■ **What you need to do**: Restate word for word the opening line of the data below and every line after it until the line with "LW Plus Size", that line too, but not the pictures.

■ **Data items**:
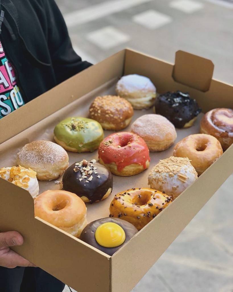 Handcrafted doughnuts (of many shapes, sizes, and flavors) and artisanal coffee in a small, minimally designed shop.
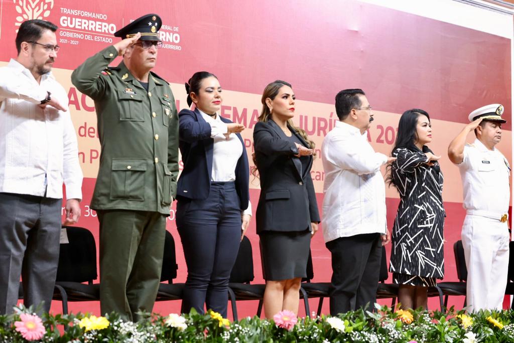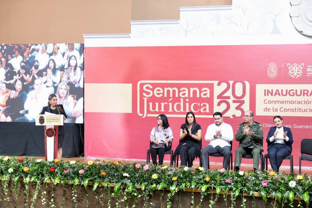 La gobernadora Evelyn Salgado, inauguró la Semana Jurídica 2023 en el Auditorio José Joaquín de Herrera, acompañada por el Presidente del Tribunal Superior de Justicia, Raymundo Casarrubias Vázquez; la Presidenta de la Mesa Directiva del Congreso del Estado, Yanelli Hernández Martínez; la Alcaldesa de Chilpancingo, Norma Otilia Hernández Martínez; la Presidenta del Sistema DIF Guerrero, Liz Salgado Pineda, así como mandos militares navales y civiles, en el preámbulo del 106 Aniversario de la Promulgación de la Constitución Política de los Estados Unidos Mexicanos.
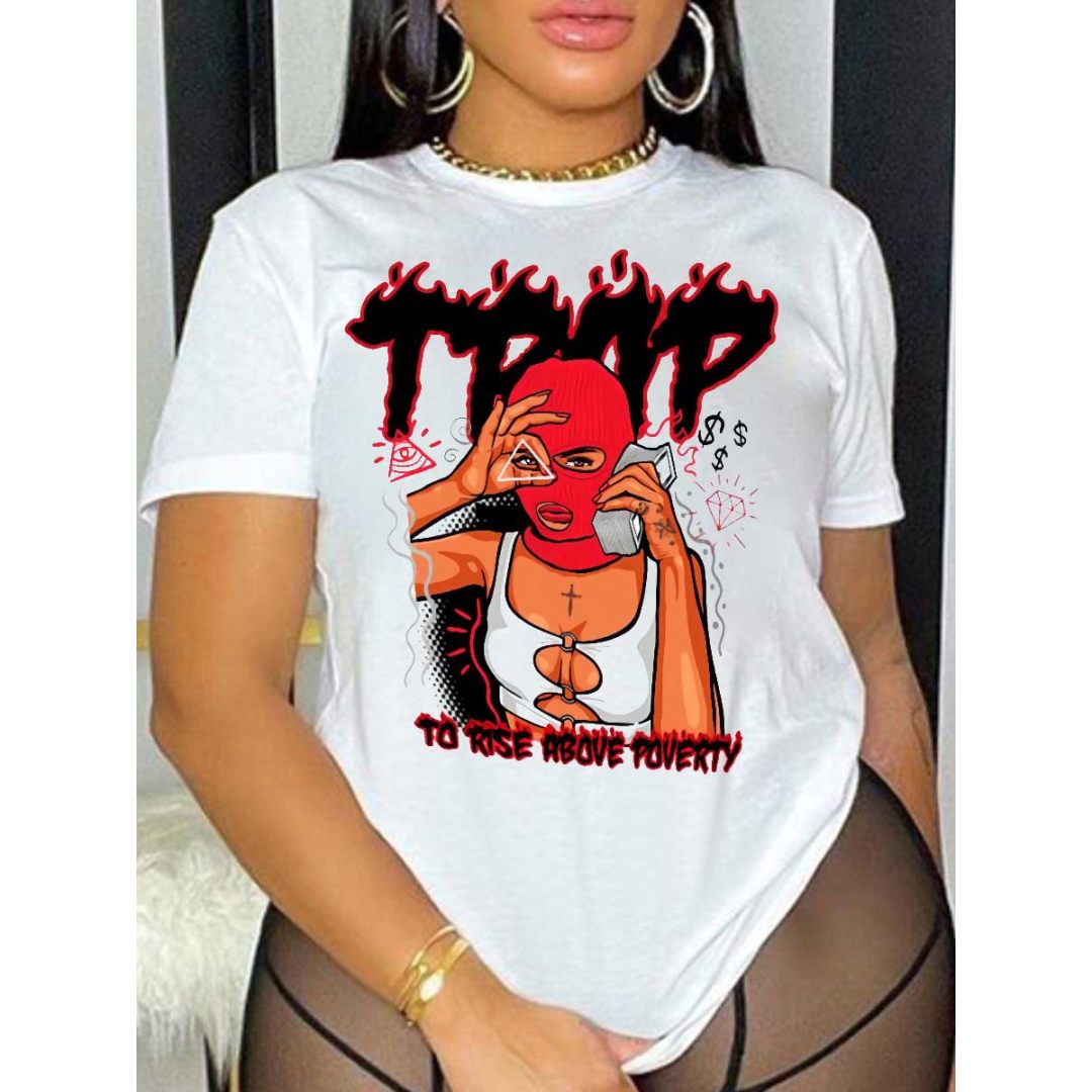 LW Plus Size Masked Face Figure Letter Print T-shirt
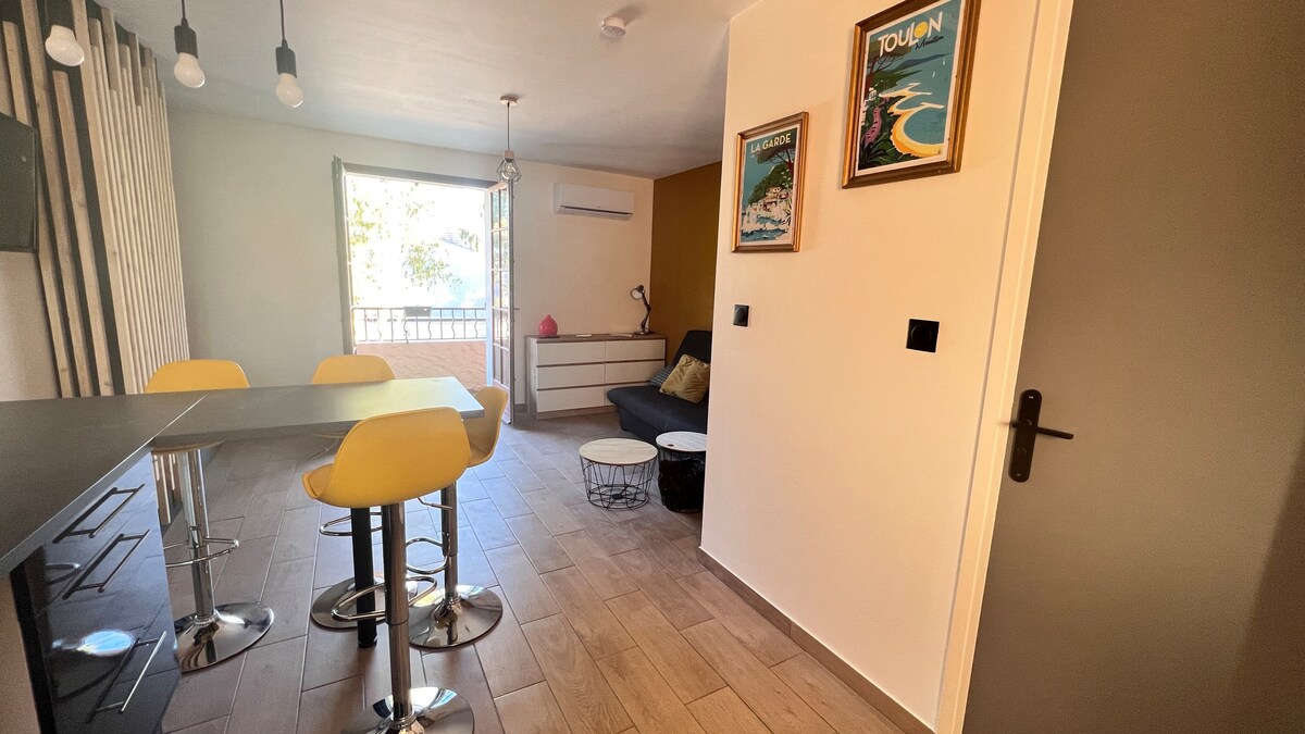 Agréable studio de 25m2 entièrement rénové. Climatisation réversible, lave-linge, TV, box internet, coin bureau, placards, nécessaire de ménage… Terrasse de 7 m2 plein Sud. Bien placé, proche commerces et transports (à quelques mètres seulement de la résidence), places de parking disponibles. A 10 minutes des plages du Pradet. A 15 minutes des plages de Carqueiranne et du Mourillon. La Garde est une ville dynamique avec patinoire, piscine, golf, parc nature et l'Avenue 83.
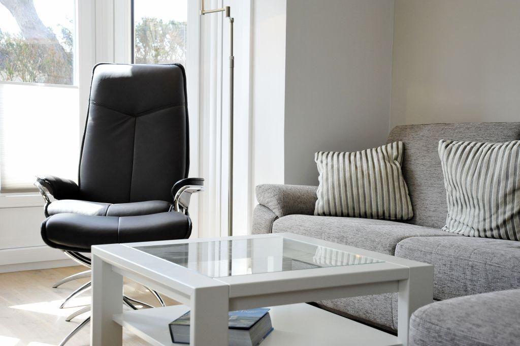 Exklusive 3-Zimmer-Ferienwohnung in Westerland mit Sauna, Terrasse und Tiefgaragenstellplatz, nur 450 m vom Strand entfernt.
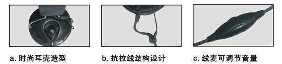 | 全黑色调,配合网吧环境,耐脏耐用。时尚耳壳造型,抗拉线结构设计,增长线材使用寿命。线麦设计,方便用户调节音量。独特喇叭腔体设计,音质层次分明
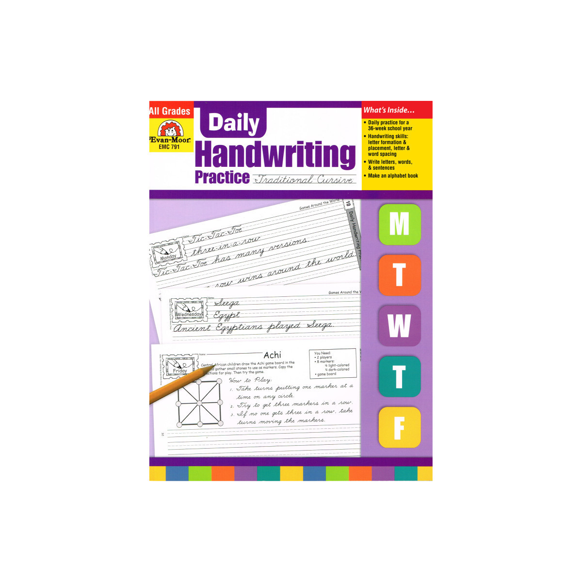Incorporated into the writing exercises in Daily Handwriting Practice, Traditional Cursive, are many other basic areas of learning important to developing minds. For example, on the topic, "What is work," students learn about simple tools and the physics applied in using them. Students write letters, words, and sentences about a variety of content area topics appropriate for the classroom. Monday through Thursday, the weekly subjects for writing exercises range from famous inventors to famous quotations, amazing hunters to the water cycle. On Friday, a full-page exercise draws the topic to a close by reviewing what was learned earlier that week. This book is a useful and effective teaching tool because: Each letter is introduced and practiced before students are asked to use it. Curriculum topics addressed include: the alphabet, unusual animals, math, capital letter, owls as hunters, rhyming words, months of the year, whales, rivers of the world, days of the week, the water cycle, world alphabets, geography, facts, synonyms, nonsense rhymes, the seven continents, color words, alliteration insects, weather, beavers, U.S. presidents, simple machines, famous quotations, unusual plants. Native American tribe, math ,rhyming words, sports around the world, Kenya, prefixes and suffixes, candy around the world, games around the world. Skills reinforced that help keep handwriting legible include: correct letter formation, letter placement, spacing between letters, and spacing between words. When students complete this book, they will take away a self-made learning tool, because the final four weeks of practice assemble into an Alphabet Book about insects. Engaging line art illustrations highlight various exercises. All 112 pages are reproducible for classroom use and perforated for easy removal.
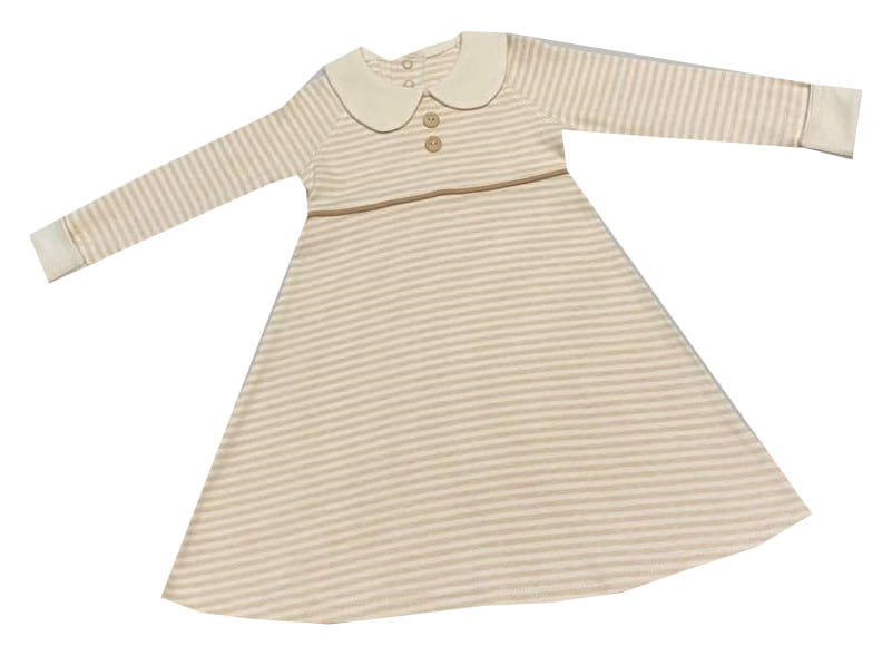 Mięciutka sukieneczka z długim rękawem polskiej firmy Beloved. Sukieneczka jest w paseczki w delikatnych odcieniach beżu. Uszyta jest z bawełny organicznej, naturalnie barwionej, beż użycia barwników. Kolorystyka sukienki nawiązuje do naturalnych barw Ziemi, gdyż takie tylko barwy są możliwe do uzyskania w sposób naturalny z bawełny organicznej, bez użycia barwników. Co istotne kolory po każdym praniu stają się bardziej wyraziste i mocniejsze.

■ **Solution for this problem**:
 Handcrafted doughnuts (of many shapes, sizes, and flavors) and artisanal coffee in a small, minimally designed shop.
 La gobernadora Evelyn Salgado, inauguró la Semana Jurídica 2023 en el Auditorio José Joaquín de Herrera, acompañada por el Presidente del Tribunal Superior de Justicia, Raymundo Casarrubias Vázquez; la Presidenta de la Mesa Directiva del Congreso del Estado, Yanelli Hernández Martínez; la Alcaldesa de Chilpancingo, Norma Otilia Hernández Martínez; la Presidenta del Sistema DIF Guerrero, Liz Salgado Pineda, así como mandos militares navales y civiles, en el preámbulo del 106 Aniversario de la Promulgación de la Constitución Política de los Estados Unidos Mexicanos.
 LW Plus Size Masked Face Figure Letter Print T-shirt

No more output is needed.